━━━ Records ━━━

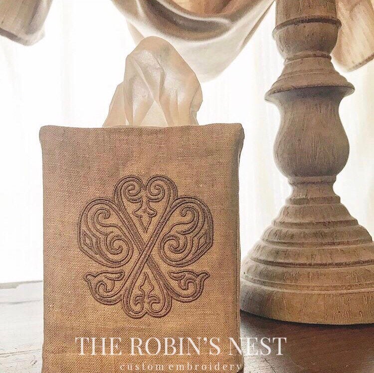 A wonderful way to display a necessity that doesn’t always come in the prettiest of boxes! Customize these for your powder room, living area or bedroom! Makes a great hostess gift!
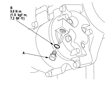 - Remove the relief valve (A), and the O-ring (B). Plug the opening to keep foreign matter from entering the system and the compressor oil from running out.
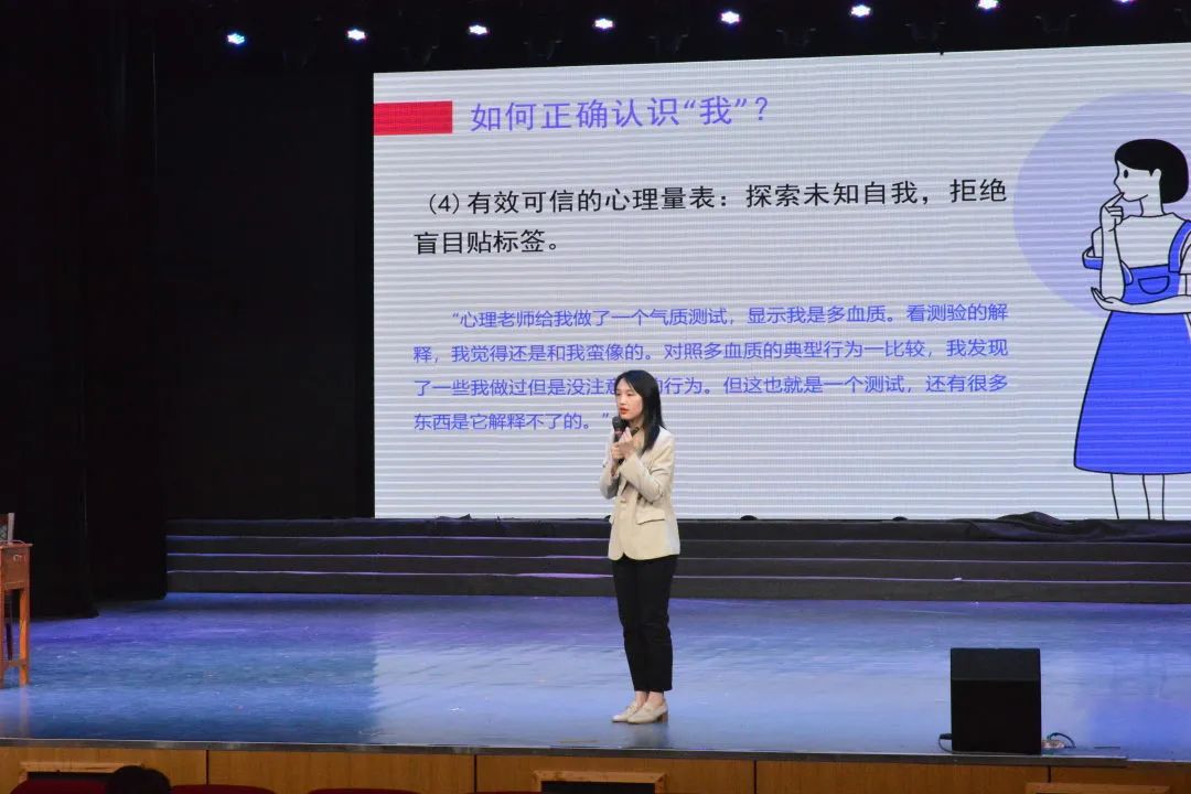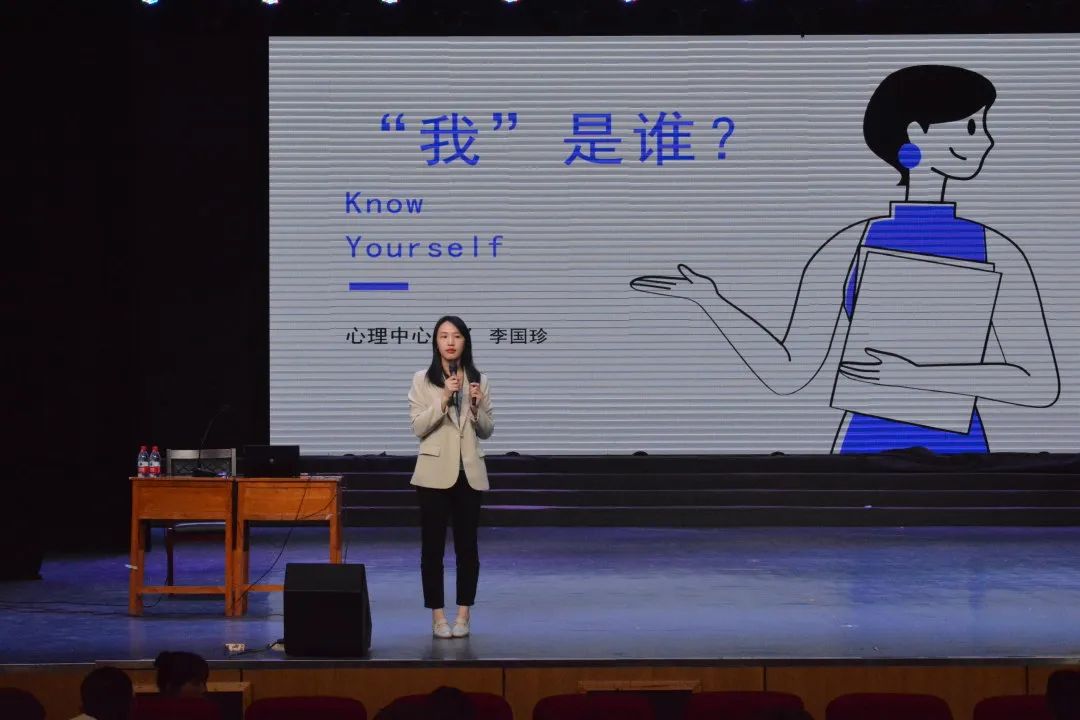 心理健康中心李国珍老师关于“我是谁”的话题展开了演讲。期间,李老师让同学们用“我”做主语表达出对“我”的认识。随后又讲述了关于猩猩实验的故事,让同学们更加明确如何正确客观的了解自己。最后关于如何正确的认识自己,李老师提出了一些建议,让同学们独立思考拒绝偏见。
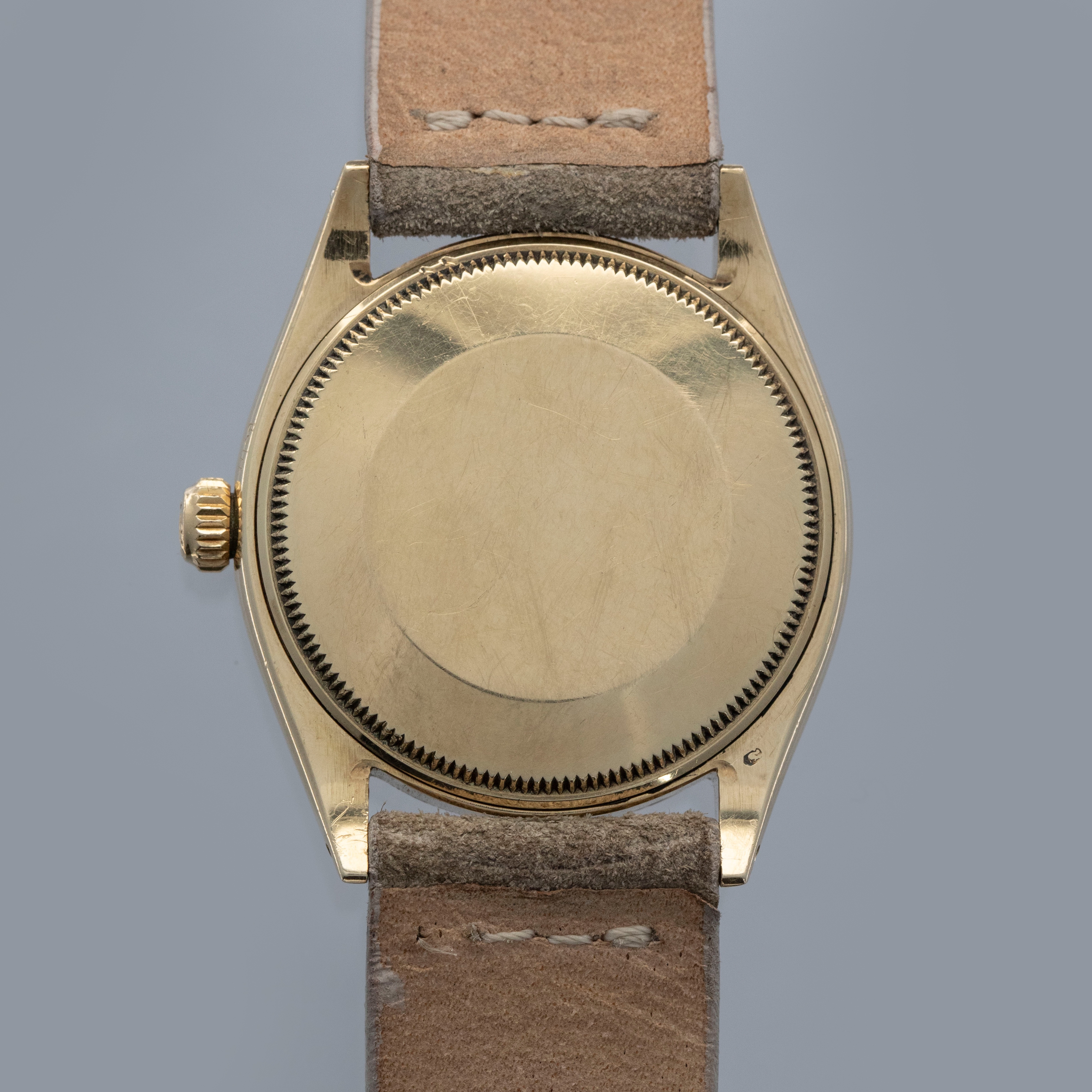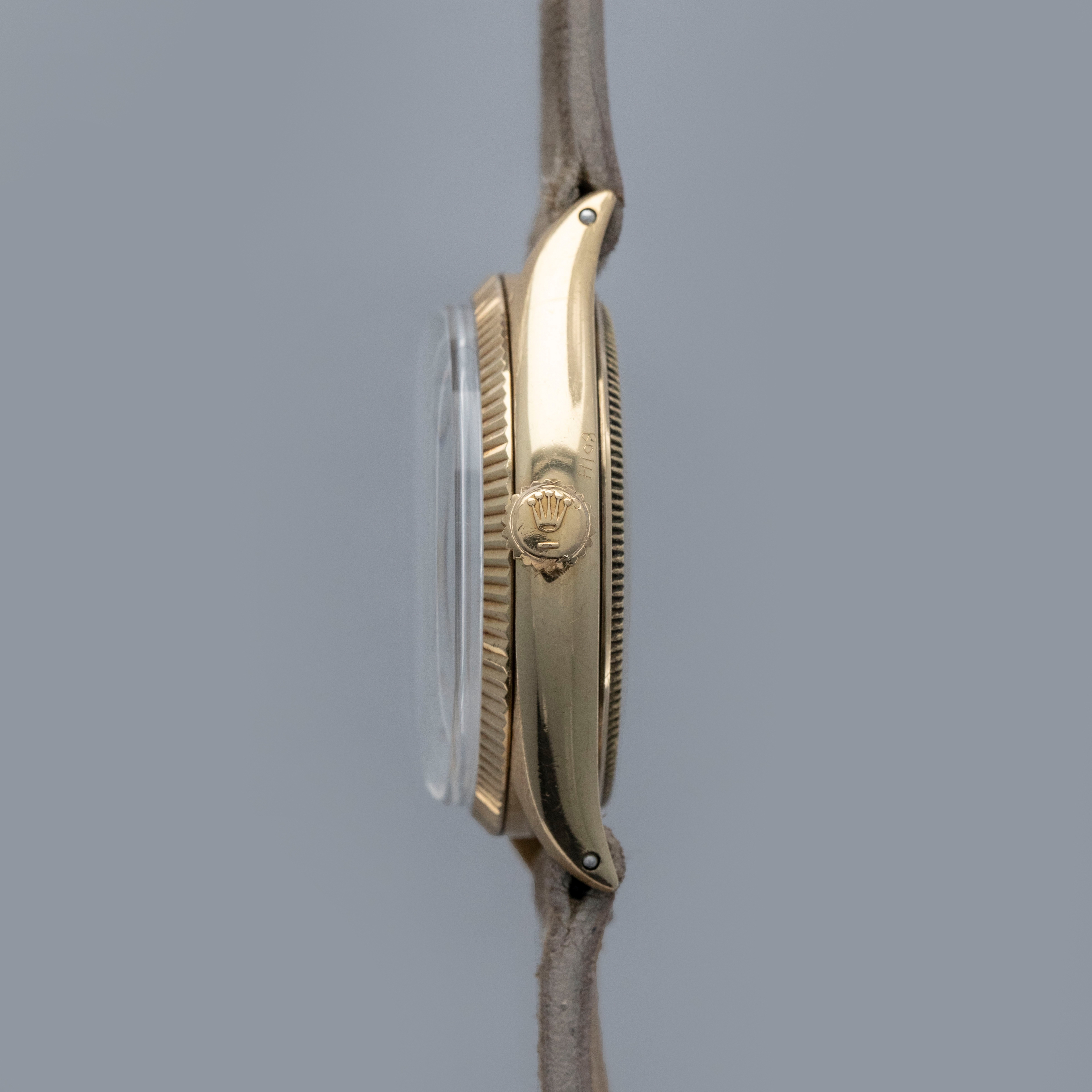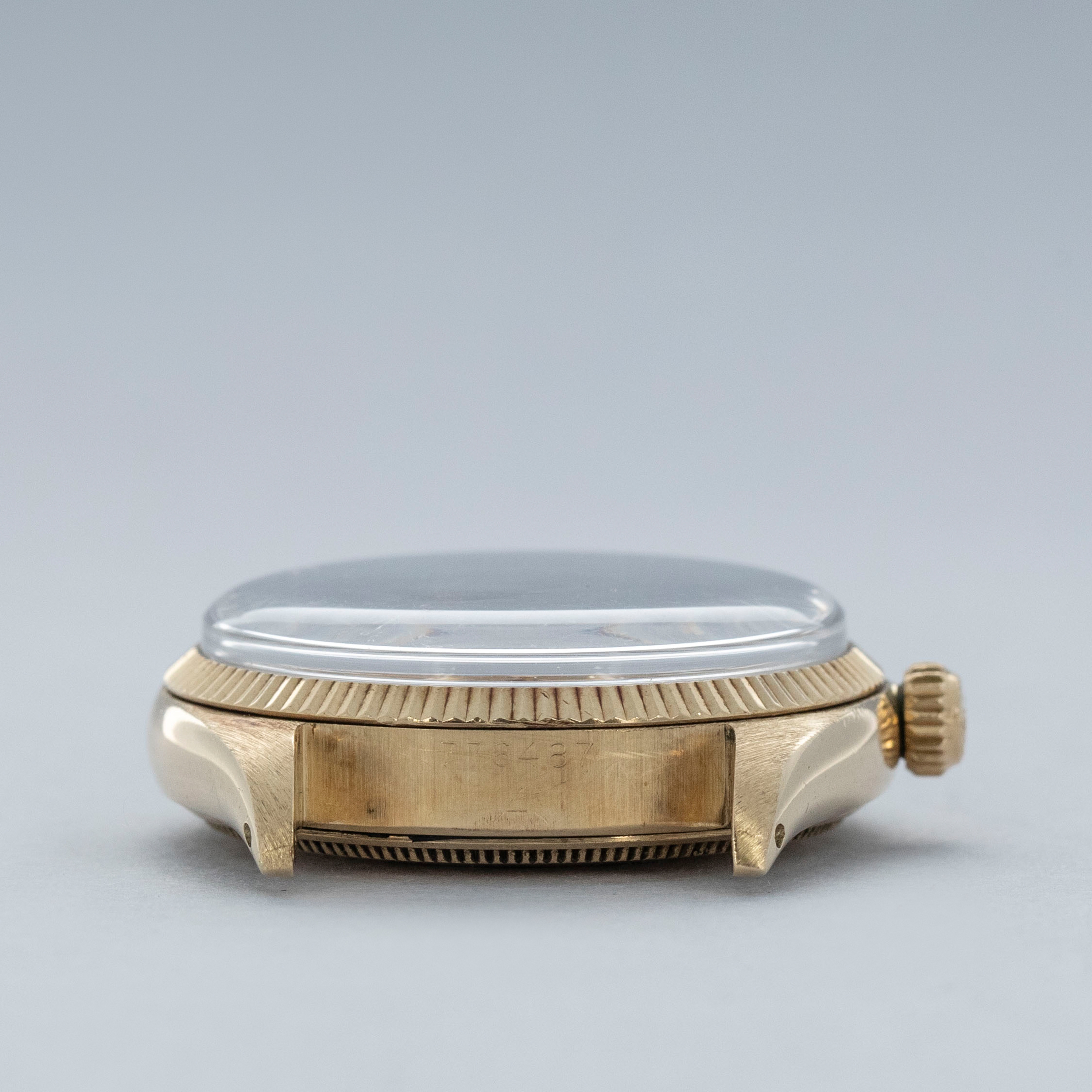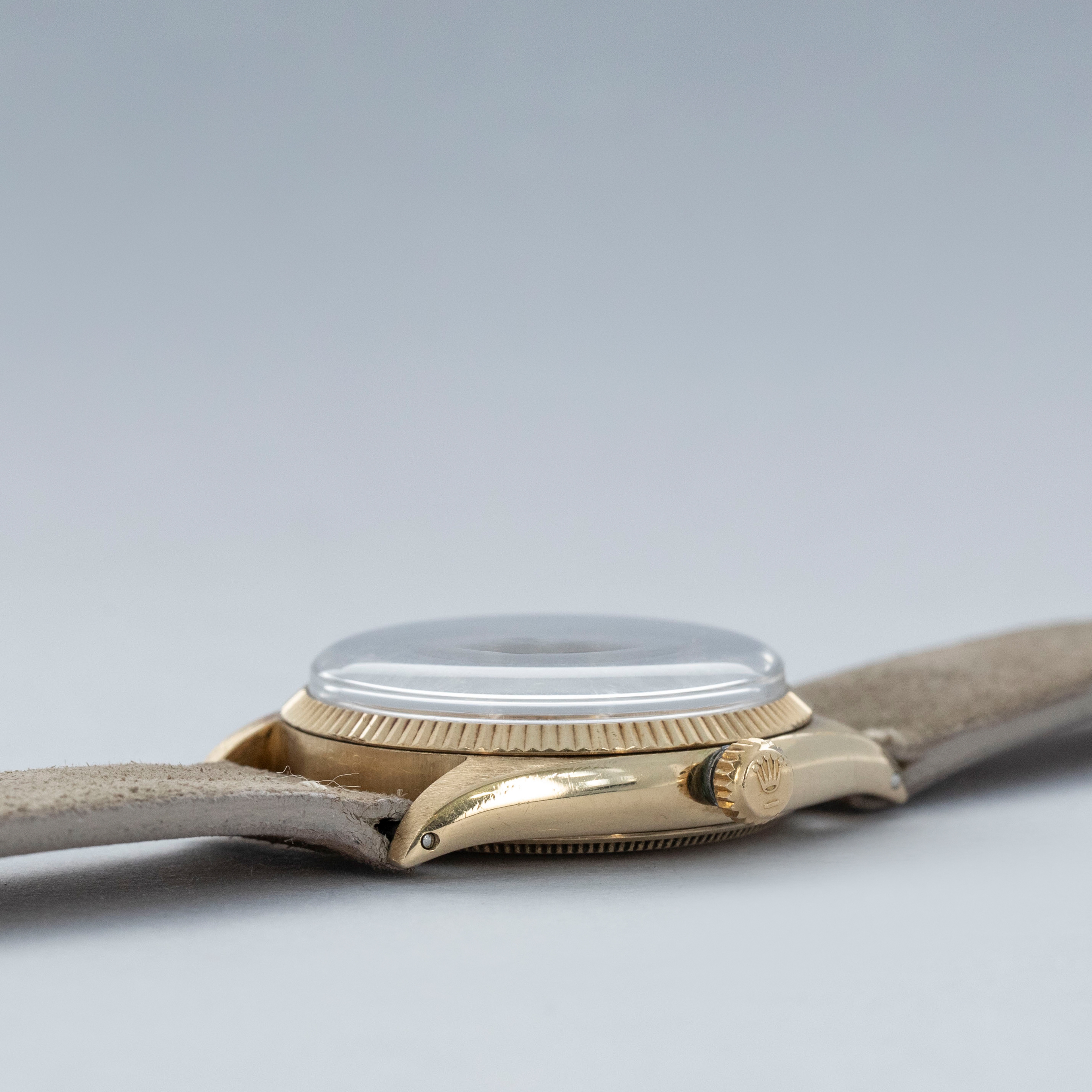 Watch is in overall excellent condition. The yellow gold case shows light surface scratches and marks, with evidence of a previous polish. A legible hallmark remains visible on the back of the lower left lug, and what appears to be a stock number is engraved on the crown side of the case. The fluted bezel remains well defined, while the case back shows a couple of deeper nicks along the edge. The champagne dial remains excellent, with some discoloration visible on the applied hour markers and light oxidation on the dagger hands. It is fitted with a brown leather strap and a gold-plated Rolex pin buckle with light marks. The buckle is stainless steel and was plated at some point. (Not done by Rolex)
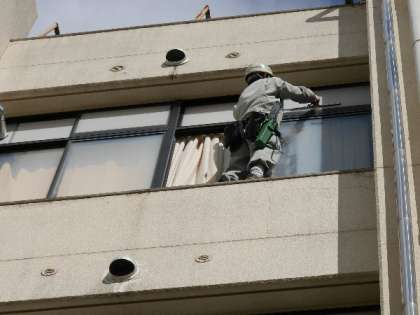 卒業式をひかえて、学校の高所窓など、業者の方に清掃してもらっています。ふだん清掃できないところをお願いしています。
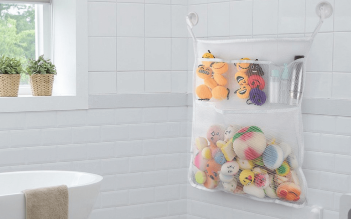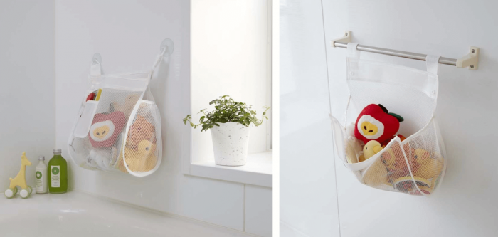 この収納袋は、メッシュタイプのものなので、通気性がよく、中に入れたおもちゃも乾きやすい。そして、強力フックがついているので、子供の背の高さに合わせて壁に装着できるのも嬉しいですね。
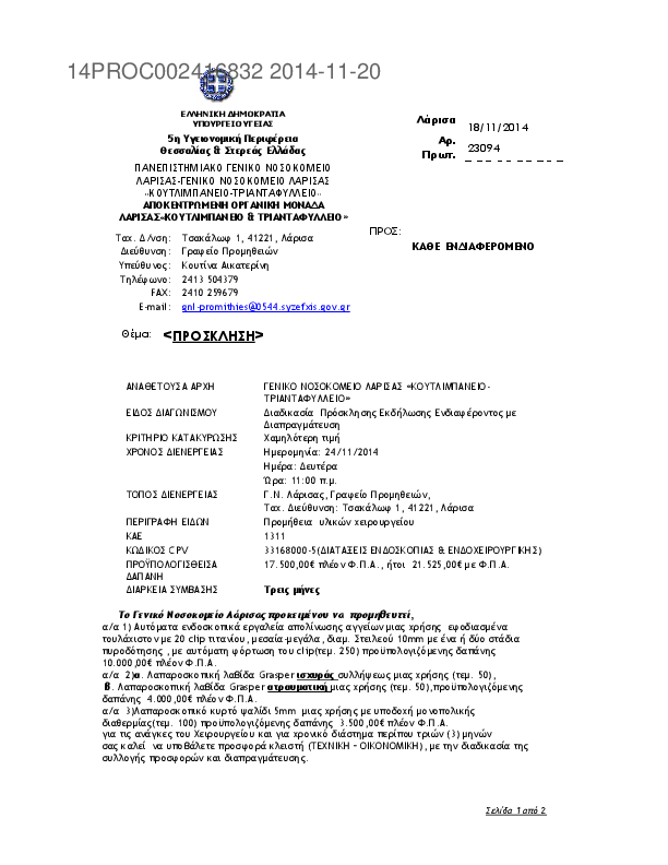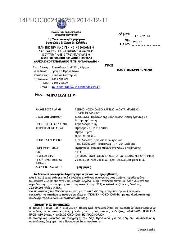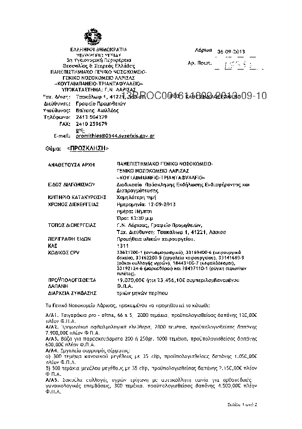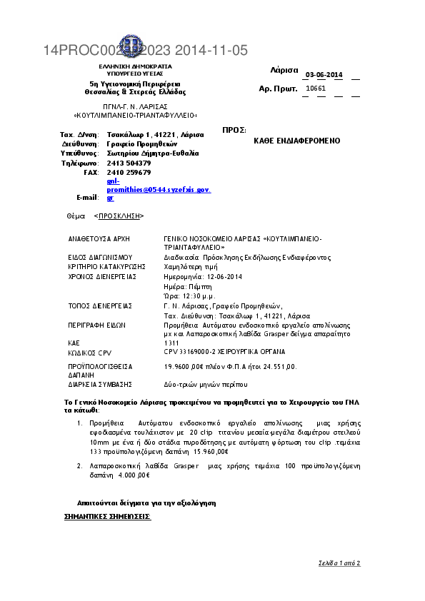 1. ΠΡΟΣΚΛΗΣΗ ΓΙΑ ΤΗΝ ΠΡΟΜΗΘΕΙΑ ΥΛΙΚΩΝ ΧΕΙΡΟΥΡΓΕΙΟΥ
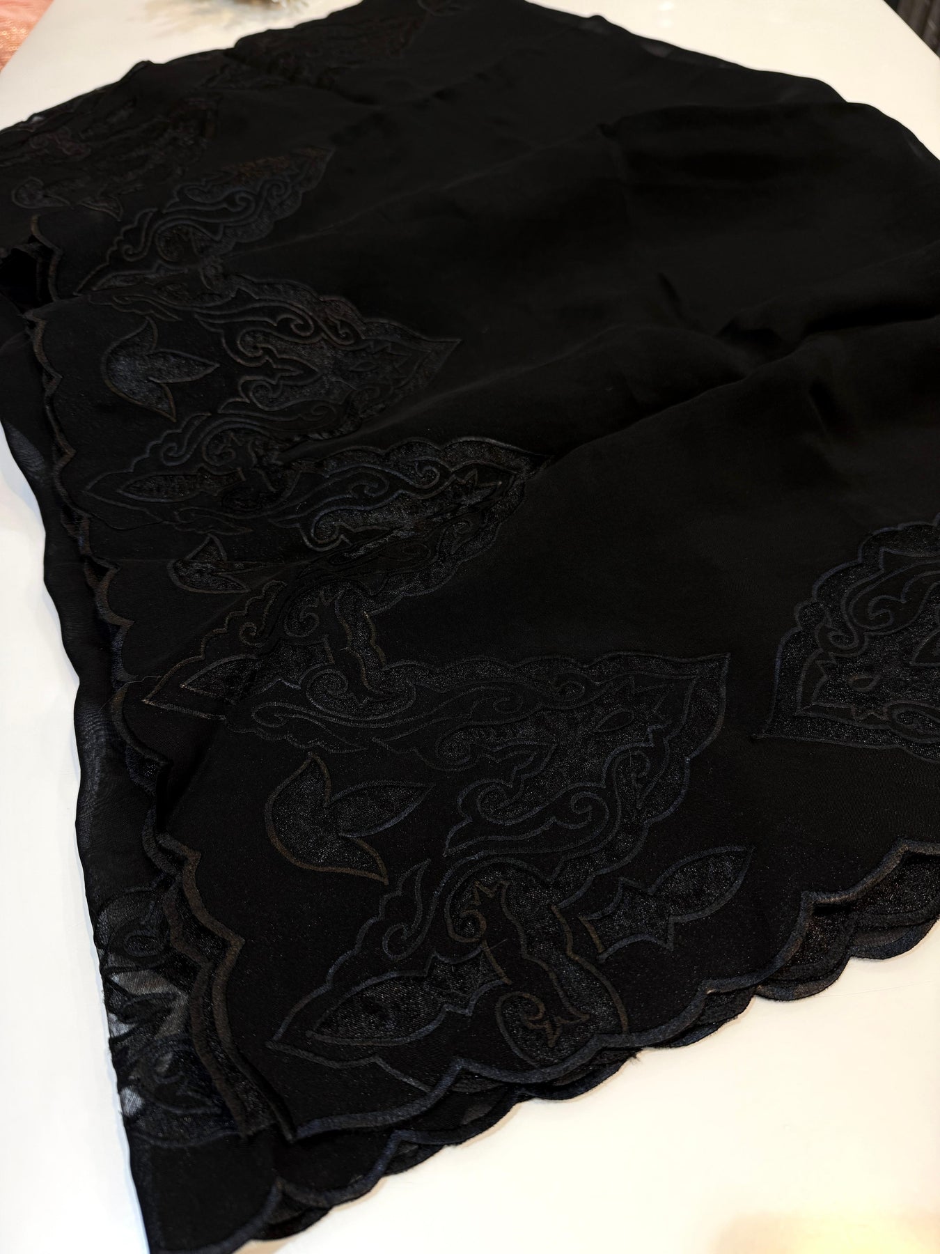 Black Pure Organza Dupatta with scallop borders 2.50 meter length

━━━

Write out the data above exactly, minus any images.

-- Answer to this problem --
 A wonderful way to display a necessity that doesn’t always come in the prettiest of boxes! Customize these for your powder room, living area or bedroom! Makes a great hostess gift!
 - Remove the relief valve (A), and the O-ring (B). Plug the opening to keep foreign matter from entering the system and the compressor oil from running out.
 心理健康中心李国珍老师关于“我是谁”的话题展开了演讲。期间,李老师让同学们用“我”做主语表达出对“我”的认识。随后又讲述了关于猩猩实验的故事,让同学们更加明确如何正确客观的了解自己。最后关于如何正确的认识自己,李老师提出了一些建议,让同学们独立思考拒绝偏见。
 Watch is in overall excellent condition. The yellow gold case shows light surface scratches and marks, with evidence of a previous polish. A legible hallmark remains visible on the back of the lower left lug, and what appears to be a stock number is engraved on the crown side of the case. The fluted bezel remains well defined, while the case back shows a couple of deeper nicks along the edge. The champagne dial remains excellent, with some discoloration visible on the applied hour markers and light oxidation on the dagger hands. It is fitted with a brown leather strap and a gold-plated Rolex pin buckle with light marks. The buckle is stainless steel and was plated at some point. (Not done by Rolex)
 卒業式をひかえて、学校の高所窓など、業者の方に清掃してもらっています。ふだん清掃できないところをお願いしています。
 この収納袋は、メッシュタイプのものなので、通気性がよく、中に入れたおもちゃも乾きやすい。そして、強力フックがついているので、子供の背の高さに合わせて壁に装着できるのも嬉しいですね。
 1. ΠΡΟΣΚΛΗΣΗ ΓΙΑ ΤΗΝ ΠΡΟΜΗΘΕΙΑ ΥΛΙΚΩΝ ΧΕΙΡΟΥΡΓΕΙΟΥ
 Black Pure Organza Dupatta with scallop borders 2.50 meter length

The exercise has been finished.